Let’s list out the submissions we have in non-interactive mode.
❯ prolific submission list -s 66802cd4681e8e9e1eaa28a0
ParticipantID StartedAt TimeTaken StudyCode Status
667fe40be716f92cab75e52d 2024-06-29 15:48:45.535 +0000 UTC 19 ABC123 AWAITING REVIEW
667fe414e716f92cab75e606 2024-06-29 15:48:45.535 +0000 UTC 29 ABC123 AWAITING REVIEW
667fe413e716f92cab75e5f2 2024-06-29 15:48:45.535 +0000 UTC 45 ABC123 AWAITING REVIEW
Showing 3 records of 3
As with all the list views in the CLI, you can use the flags -o
and -l
to offset and limit, respectively. So we can page the information:
❯ prolific submission list -s 66802cd4681e8e9e1eaa28a0 -o 1 -l 1
ParticipantID StartedAt TimeTaken StudyCode Status
667fe414e716f92cab75e606 2024-06-29 15:48:45.535 +0000 UTC 29 ABC123 AWAITING REVIEW
Showing 1 record of 3
This may help when dealing with that quantity of data. Lastly, let’s get a CSV file, and render specific fields.
❯ prolific submission list -c -s 66802cd4681e8e9e1eaa28a0 -f ParticipantID,Status,Reward
ParticipantID,Status,Reward,
667fe40be716f92cab75e52d,AWAITING REVIEW,10000,
667fe414e716f92cab75e606,AWAITING REVIEW,10000,
667fe413e716f92cab75e5f2,AWAITING REVIEW,10000,
You can use the --help
option on any command to get further details about what you can do.
Summary
There are many other commands in the application, I recommend having a play around with it.

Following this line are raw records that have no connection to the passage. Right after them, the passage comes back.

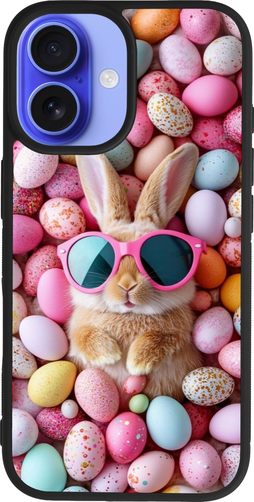 Coque iPhone 16 - Silicone rigide noir Easter 2026 Rabbit fun
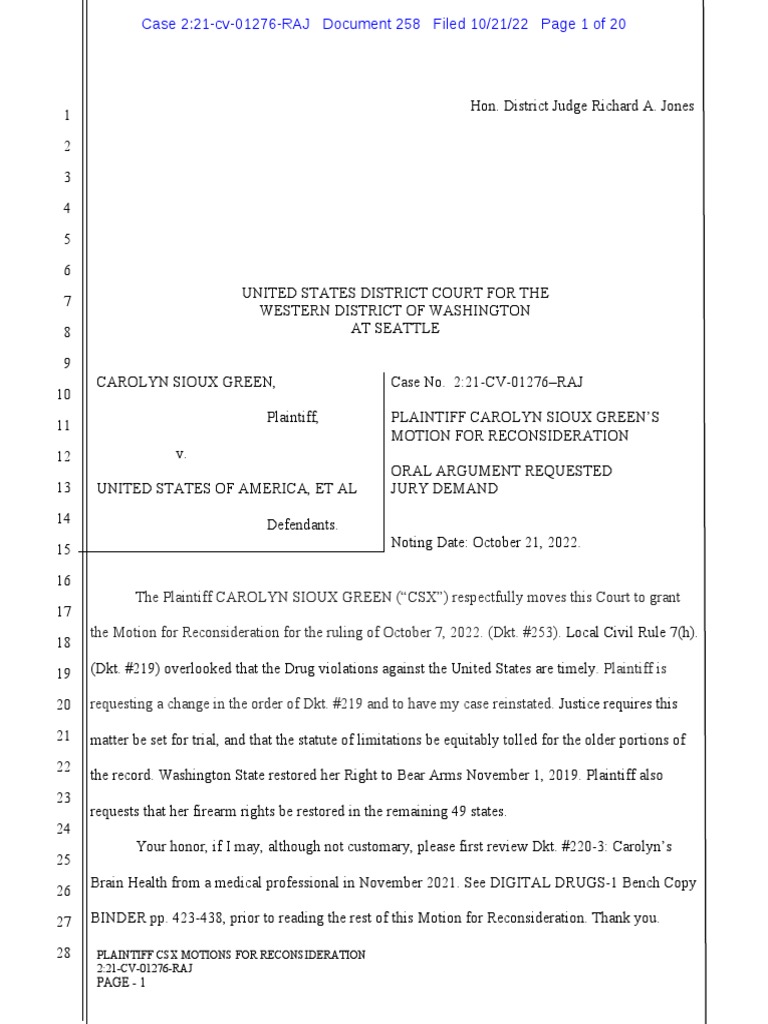 Motion For Reconsideration in The U S DISTRICT COURT Washington State
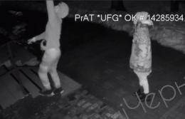 На записі видно, як наприкінці березня до під’їзду підходить чоловік старшого віку у смугастих штанях. Він сторожко озирається, чи нікого немає довкола, викручує кілька лампочок, складає їх у кишеню і поспішно йде геть.
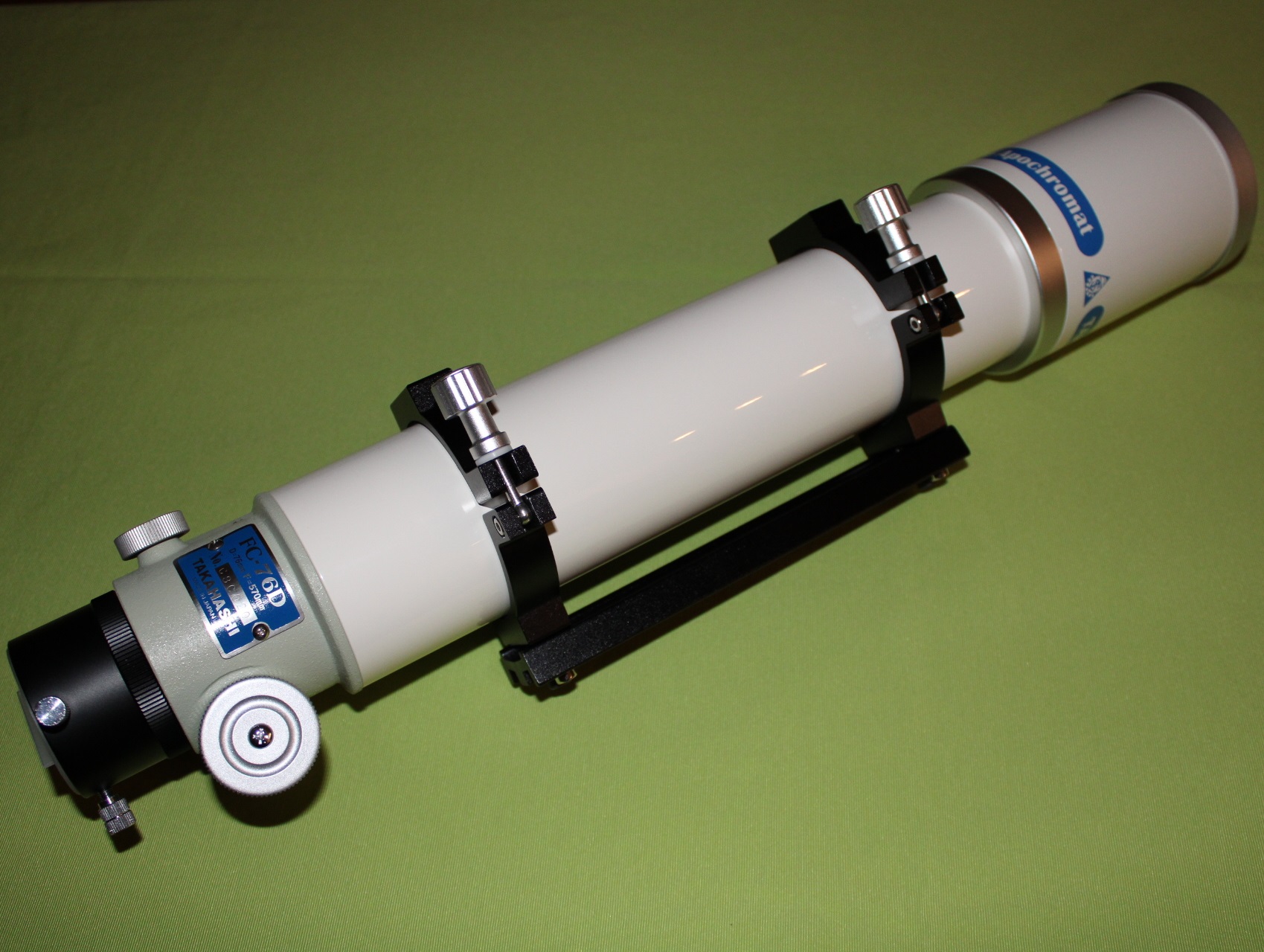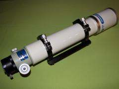 Rohrschellenpaar für den Takahashi FS-60, FS-60Q, FC-76DC, FC-76DCU und FC-76Q. Vor allem bei längeren Geräten wie dem FC-76DC(U) oder FC-76Q sind zwei getrennte Schellen und eine lange Schiene empfohlen.
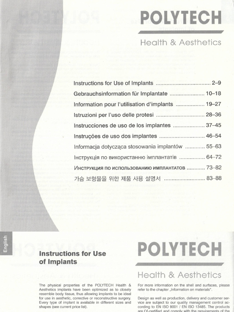 Instructions For Use of Polytech Breast Implants Manual (Multilingual
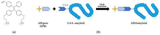 The creation process of AIE@amyloid [70]. (a) Chemical structure of EPB (C38H44Br2N2O2, 2,20-(((2-(4-ethynylphenyl)-2-phenylethene-1,1-diyl) bis-(4,1-phenylene)) bis(oxy)) bis-(trimethylethanaminium) bromide). (b) The construction of AIE@amyloid. AIE-active amyloid proteins are synthesized from EPB and UAA–amyloid through a click chemical reaction.
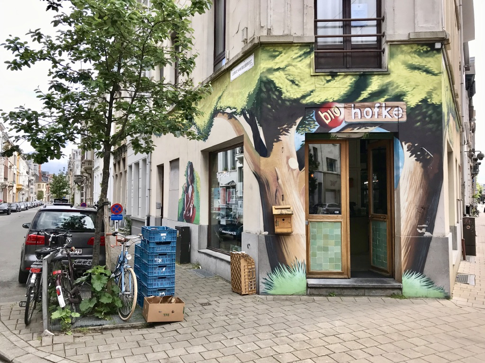 In de multiculturele volkswijk Borgerhout, grenzend aan de diamantwijk, maken de chassidische Joodse mannen, in zwarte jassen met statige hoeden en een krul aan de zijkant van hun hoofd, plaats voor ‘kleurrijke’ creatieve figuren. De lage huizenprijzen in de wijk trekken voornamelijk jonge mensen aan. Glimmende groente en fruit koop je hier bij de Turkse winkel van Perry. De lekkerste verse vis ligt voor een zacht prijsje aan de overkant bij de lokale visman in de vitrine. Overal word ik met open armen ontvangen en er wordt nog net geen buiging voor me gemaakt om me welkom te heten in Borgerhout. De wijk bruist, allerlei initiatieven openen en sluiten helaas soms ook weer hun deuren. Ik had mij verheugd op het plantenparadijs van Gitte in de wijk het Laar, helaas Gitte’s deur is inmiddels gesloten.

Other main features include:
- Ability to get your user account details.
- Ability to list your webhook subscriptions, and events Prolific has sent to it.
- Ability to send and retrieve messages.
- Ability to list and view your filter sets
- Ability to list and view your participant groups
I hope you enjoy using the Prolific CLI. If you have any feedback or requests, please raise an issue in GitHub. Thank you.